Sometimes things happen outside a business owner’s control that affects the business. It’s understandable, but that does not justify failing to reveal to investors if the company is suffering financially as a result. In fact, executives and board directors of publicly traded companies are required to disclose the financial state of the company to their investors on a regular basis.
After the documentary, “Blackfish,” was released, SeaWorld’s business suffered significantly, but executives and board directors allegedly refused to reveal to shareholders the effect the documentary was having on the amusement park’s business.
The documentary details the story of Tilikum, a performing killer whale that was held captive in amusement parks for decades, including SeaWorld, where he famously killed a trainer – the first trainer to die at SeaWorld, although not the first time Tilikum had been involved in a death in a marine park.
Contrary to their name, killer whales have never been known to kill humans in the wild, leading many to wonder what causes them to attack when in captivity. The film examines the lives Tilikum took, before they were cut short, the cruel treatment of killer whales held in captivity, and the pressures of the sea-park industry, which makes billions of dollars every year.
According to a recent lawsuit filed against SeaWorld, the company allegedly misled shareholders about the impact the documentary was having on the company.

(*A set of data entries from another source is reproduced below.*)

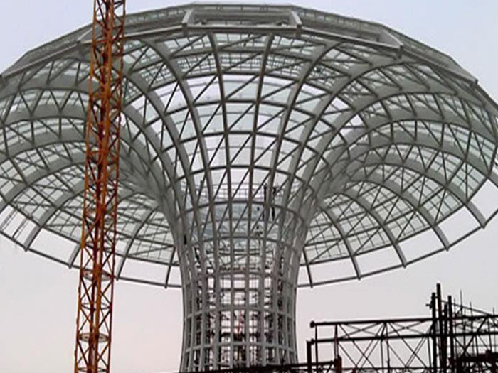 二、球形网架结构因其结构新颖,受力合理,自重轻、用钢量低等优点。如大型体育场馆球形昌吉螺栓球网架、公共场馆球形网架、电厂昌吉螺栓球网架、水泥工业球形网架、仓储物流球形网架、昌吉干煤棚工业球形网架、昌吉收费站昌吉加油站球形网架、展览中心、影剧院、商场、航站楼、候车厅、工厂昌吉车间、仓库、电视塔等球形螺栓球节点网架。国内球形网架结构主要分为:昌吉焊接球节点网架及螺栓球节点网架两种。螺栓球节点网架其构件工厂内加工量较大,现场安装便捷,适用于现场工期紧,昌吉施工条件、用电量受制约,网架形状复杂、昌吉杆件定位困难的异形结构。螺栓球节点球形网架系统基本由昌吉杆件、螺栓球、支撑支座等组成。按照节点形式可分为交叉昌吉桁架体系、四角锥体系、三角锥体系等。支撑方式多为固定支座支撑。对于大面积、大跨度及有特殊受力或伸缩要求的网架结构可采用橡胶支座、滑移支座、球铰支座等支撑形式,以满足结构自身的受力稳定、均衡,便于内力释放等设计要求。
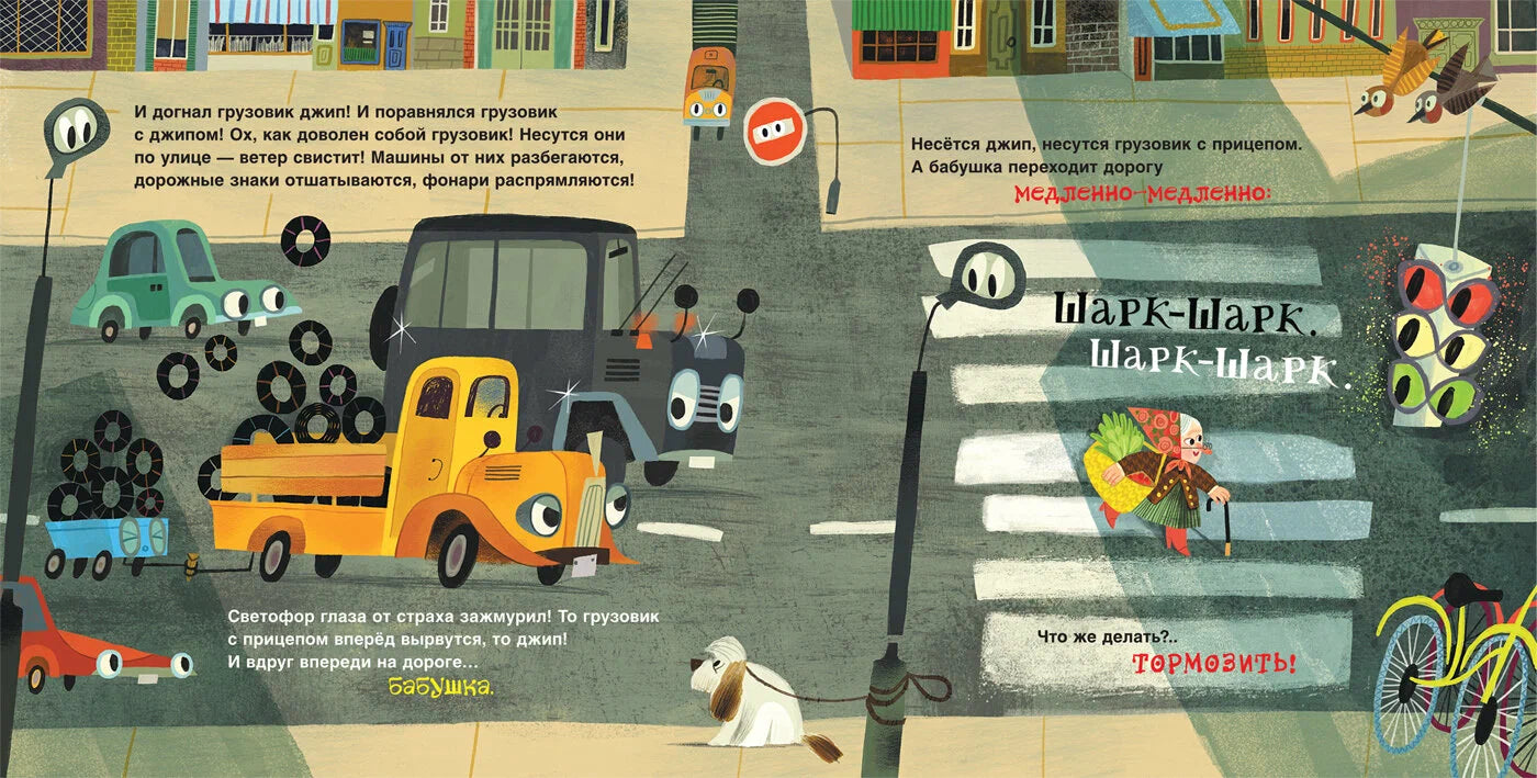 Грузовик и прицеп снова отправляются в путь! На этот раз они едут в город, в командировку. Впереди длинная дорога, соревнования с джипом, встреча с миленькой розовой машинкой и много-много приключений. Героев ждет еще больше новых знакомств, поездок, а также слов для звукоподражания и познавательных фактов об окружающем мире.
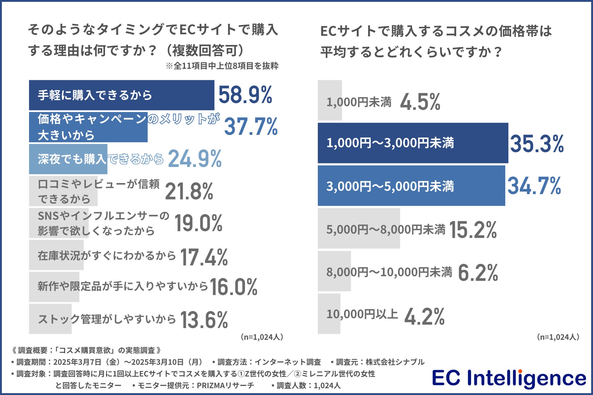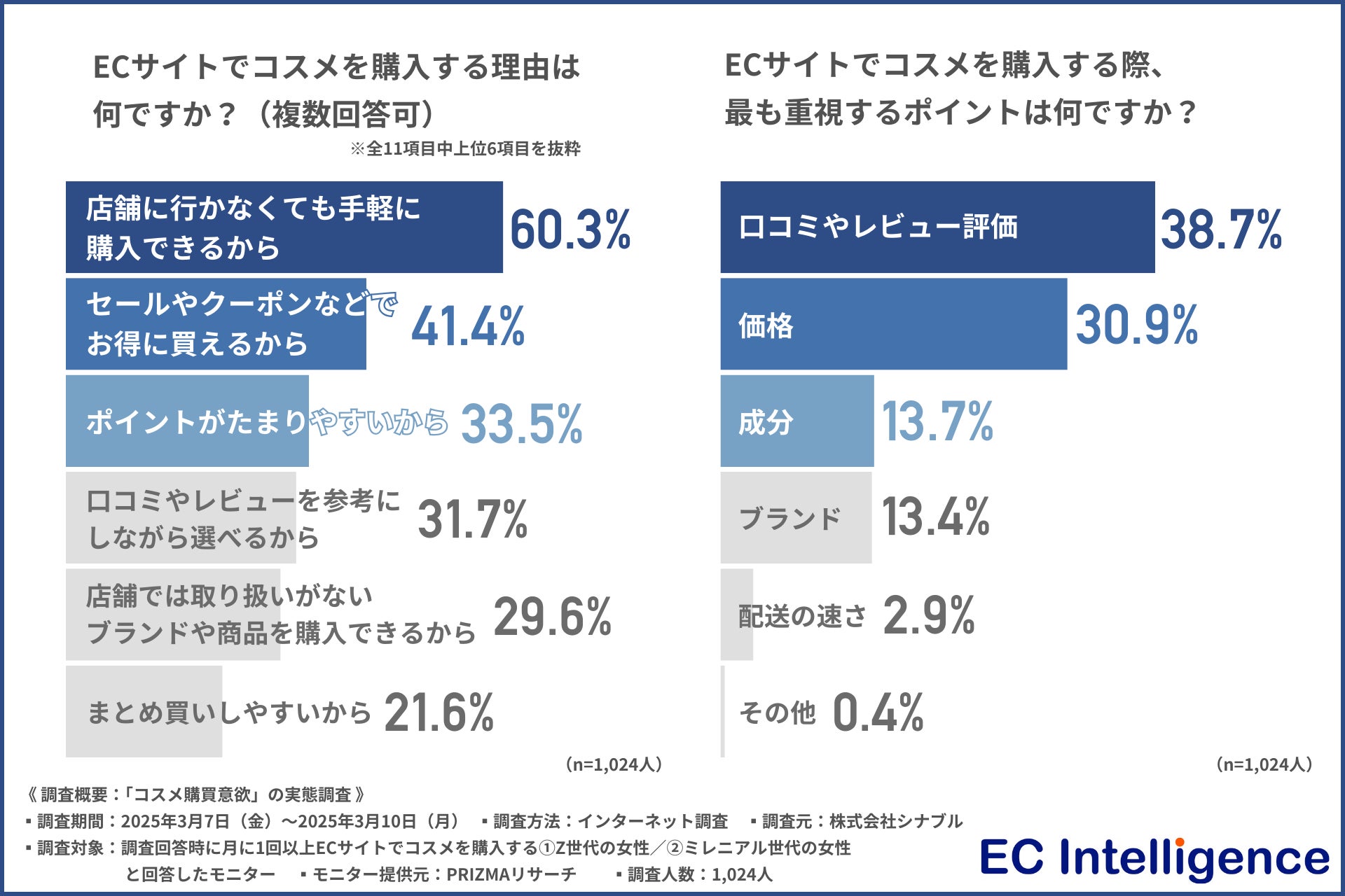 【コスメ購買意欲の実態調査】Z世代とミレニアル世代ではECサイトでの購入タイミングや購入アイテムに差があることが判明!購入する理由は「手軽さ」「お得感」「ポイントがつきやすい」
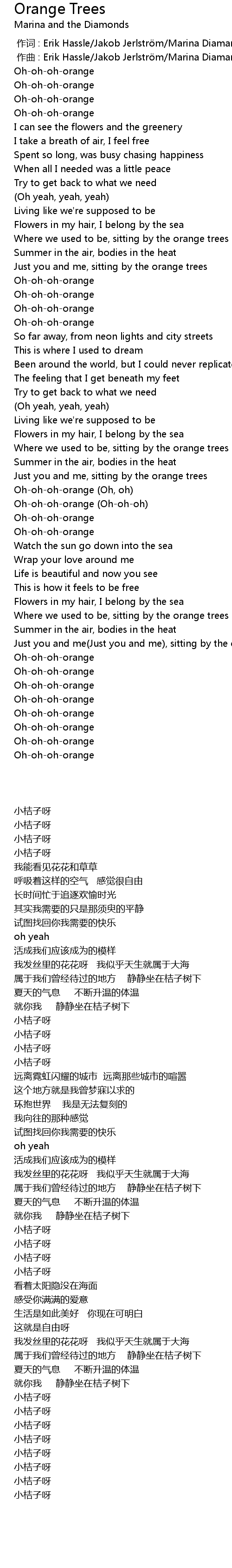 | [00:41.59] | Where we used to be, sitting by the orange trees |
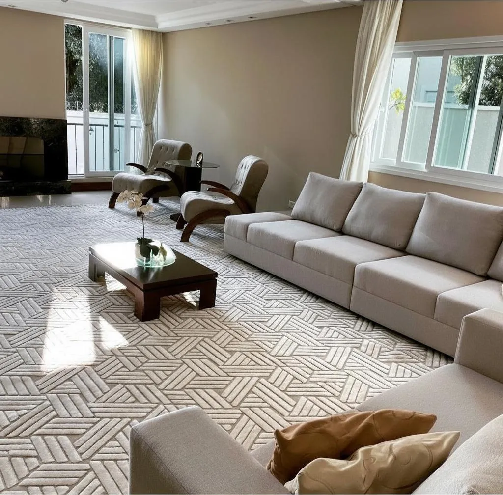 Além de sua aparência atraente, o tapete oferece uma superfície agradável ao toque, proporcionando uma experiência de aconchego e conforto ao caminhar. Ideal para reuniões familiares ou momentos de lazer, ele se destaca pela praticidade e funcionalidade, adicionando valor à sua casa.
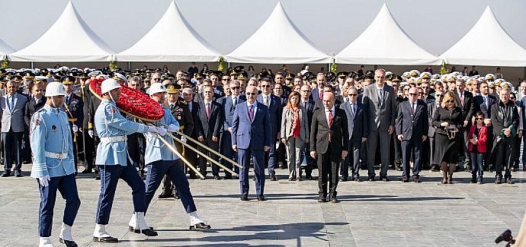 İzmir’de 29 Ekim kutlamaları kapsamında Cumhuriyet Meydanı’nda tören düzenlendi. İzmir Valisi Yavuz Selim Köşger, İzmir Büyükşehir Belediye Başkanı Tunç Soyer ve Ege Ordusu ve Garnizon Komutanı Korgeneral Kemal Yeni’nin katıldığı törende Atatürk Anıtı’na çelenk bırakıldı.Cumhuriyet’in kuruluşunun 99. yıl dönümü nedeniyle Cumhuriyet Meydanı’nda tören düzenlendi. Törene İzmir Valisi Yavuz Selim Köşger, İzmir Büyükşehir Belediye Başkanı Tunç Soyer, Ege Ordusu ve Garnizon Komutanı Korgeneral Kemal Yeni, İzmir İl Emniyet Müdürü Mehmet Şahne, İzmir Barosu Başkanı Sefa Yılmaz, milletvekilleri, üniversite rektörleri ile sivil toplum örgütlerinin temsilcileri katıldı. Tören, Atatürk Anıtı’na çelenk konulmasının ardından saygı duruşu ve İstiklal Marşı’nın okunmasıyla son buldu.Yarınki Cumhuriyet Bayramı kutlamalarının ilk adresi 10.30’da Cumhuriyet Meydanı olacak.Kaynak: (BYZHA) - Beyaz Haber Ajansı
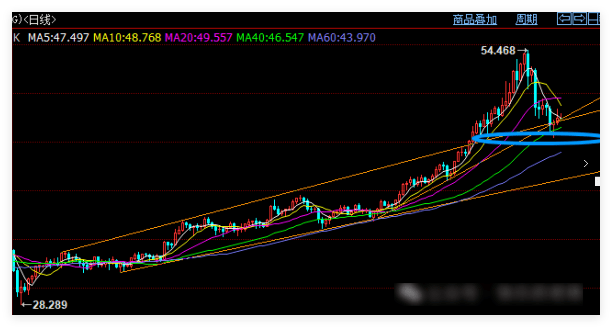 国际白银,白银中期支撑后于45.5附近止跌企稳并成功反弹后,昨日最高一度触及48.5附近,之后跟随黄金回落。接下来预计将扫荡,但45.5区域不能破,一旦破位多头优势不再。

The company admitted in August of 2014 that the movie was hurting business, but internal emails show the executives complaining about the impact of the documentary months before they acknowledged it publicly. Investors have a right to know how the companies in which they’re investing are faring, and if something is hurting business, executives are obligated to let them know about it right away.
Judge Michael Anello, of the U.S. District Court for the Southern District of California, recently approved class-action status for the shareholders who are suing SeaWorld. Investors can qualify to take part in the class if they owned stock in SeaWorld Entertainment between August 29, 2013, and August 12, 2014, and did not sell their stock prior to August 13th, 2014, when the company publicly acknowledged it was suffering financially as a result of the documentary. Class members cannot be, or have ever been, a SeaWorld executive, board member, or related to anyone who has ever been a SeaWorld executive or board member.
After the shareholder lawsuit was filed, SeaWorld announced it was also under investigation by the U.S. Securities and Exchange Commission (SEC) and the U.S. Department of Justice (DOJ) for comments executives made at the time the documentary was released.
The film continues to affect the giant amusement park, not only with the current lawsuit and investigations into the company’s practices but also leading to some changes the sea park announced as late as 2016 that it would be making. Those changes include an announcement that the company would stop breeding, which is a controversial practice, and would be phasing out its theatrical whale shows in order to focus on the natural behaviors of whales. The company has also been working hard to develop new rides and attractions to help counter waning attendance since the release of the documentary.